Oh, well. Linux uses slow / little CPU core to handle traffic from this network card. As next step we need to find name of IRQ before we can change CPU assignment for it and Debian and Ubuntu have great package called irqtop for this purpose.

We can see that name of relevant IRQ is following: “GICv3 142 Level     xhci-hcd:usb7” and it has number 77. That’s something to work with.

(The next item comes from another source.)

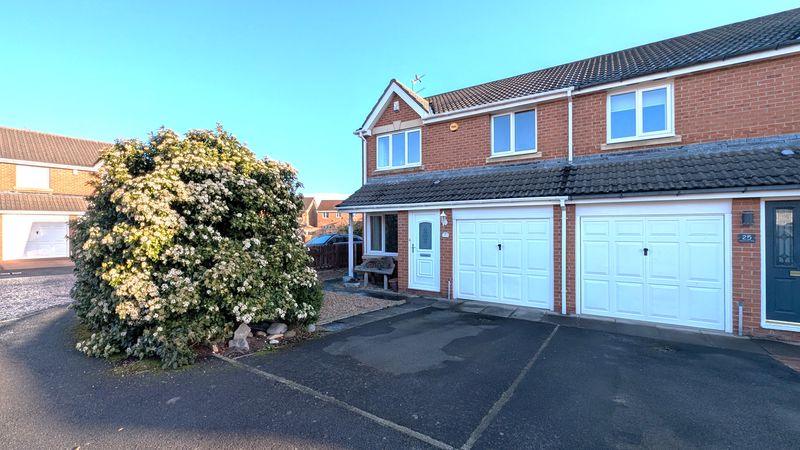 Positioned within a tranquil cul-de-sac on the popular Cavendish Grange Estate, this impressive semi-detached home offers well-proportioned living spaces ideal for families. The property opens with a welcoming entrance porch leading into an elegant lounge through dining room, creating a bright and comfortable living area, which flows seamlessly into a conservatory overlooking the rear garden. The kitchen is well appointed and thoughtfully arranged to suit everyday family life. To the first floor are three generously sized double bedrooms, with the principal bedroom benefiting from an en suite shower room, alongside a modern family bathroom. Externally, the front of the property features a low-maintenance garden with gravel, a driveway providing off-road parking, and access to a single attached garage. To the rear is a delightful garden, mainly laid to lawn with a patio area ideal for entertaining, complemented by mature shrubbery and fenced boundaries offering privacy.

Let’s check current CPU assignment for this IRQ using this command: 

cat /proc/irq/77/smp_affinity_list

In my case output was:

0-5

Which means that all CPUs in system are allowed for this IRQ and Linux simply pickups first one. To learn more about smp_affinity_list I can recommend https://www.kernel.org/doc/Documentation/IRQ-affinity.txt

Let’s try to change it to allow only large CPU cores: 

sudo sh -c "echo 4-5 > /proc/irq/77/smp_affinity_list"

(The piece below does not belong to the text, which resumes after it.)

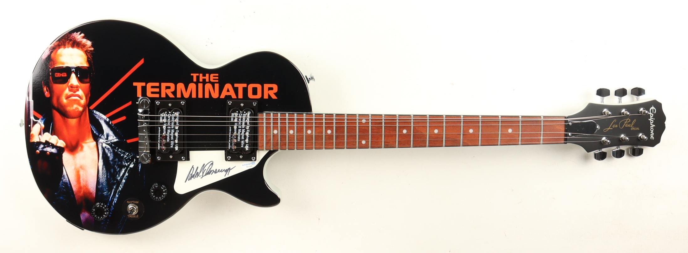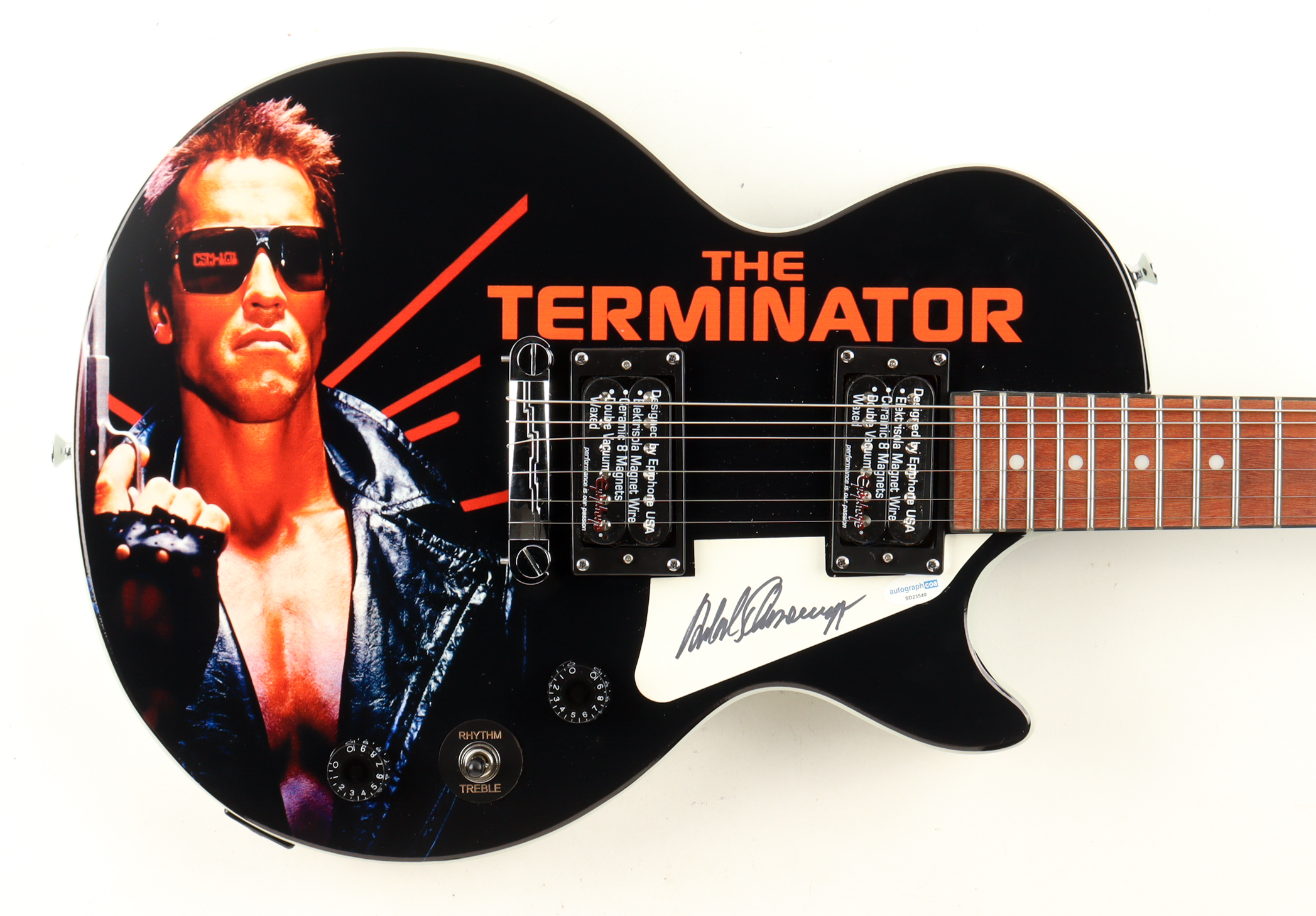 Custom Electric Guitar has been hand-signed on the pick-guard by Arnold Schwarzenegger (Terminator).

After that I restarted traffic generation and was able to see that load shifted to CPU 4 which is fast / big CPU core:

Fortunately I had pps tool running and I was able to see change in real time:

./pps.sh enx606d3cece3ed
TX 0 pkts/s RX 337708 pkts/s
TX 0 pkts/s RX 335493 pkts/s
TX 0 pkts/s RX 338352 pkts/s
TX 0 pkts/s RX 330627 pkts/s
TX 0 pkts/s RX 333275 pkts/s
TX 0 pkts/s RX 337089 pkts/s
TX 0 pkts/s RX 337298 pkts/s
TX 0 pkts/s RX 332713 pkts/s
TX 0 pkts/s RX 334685 pkts/s
TX 0 pkts/s RX 337639 pkts/s
TX 0 pkts/s RX 340400 pkts/s
TX 0 pkts/s RX 339678 pkts/s
TX 0 pkts/s RX 285236 pkts/s
TX 0 pkts/s RX 295751 pkts/s
TX 0 pkts/s RX 652633 pkts/s
TX 0 pkts/s RX 650822 pkts/s
TX 0 pkts/s RX 652416 pkts/s
TX 0 pkts/s RX 651840 pkts/s
TX 0 pkts/s RX 649721 pkts/s
TX 0 pkts/s RX 648353 pkts/s
TX 0 pkts/s RX 650309 pkts/s
TX 0 pkts/s RX 650593 pkts/s

We basically doubled the traffic rate by doing this very small change.

Such incredible results show us that even very cheap ARM64 SBC boards can be used to handle very serious amount of traffic. Sadly USB-C cards on Realtek chipsets are not best fit for this task. To test more production friendly scenario I ordered Intel I225 based 2.5G PCI-e cards and will repeat tests with them in future.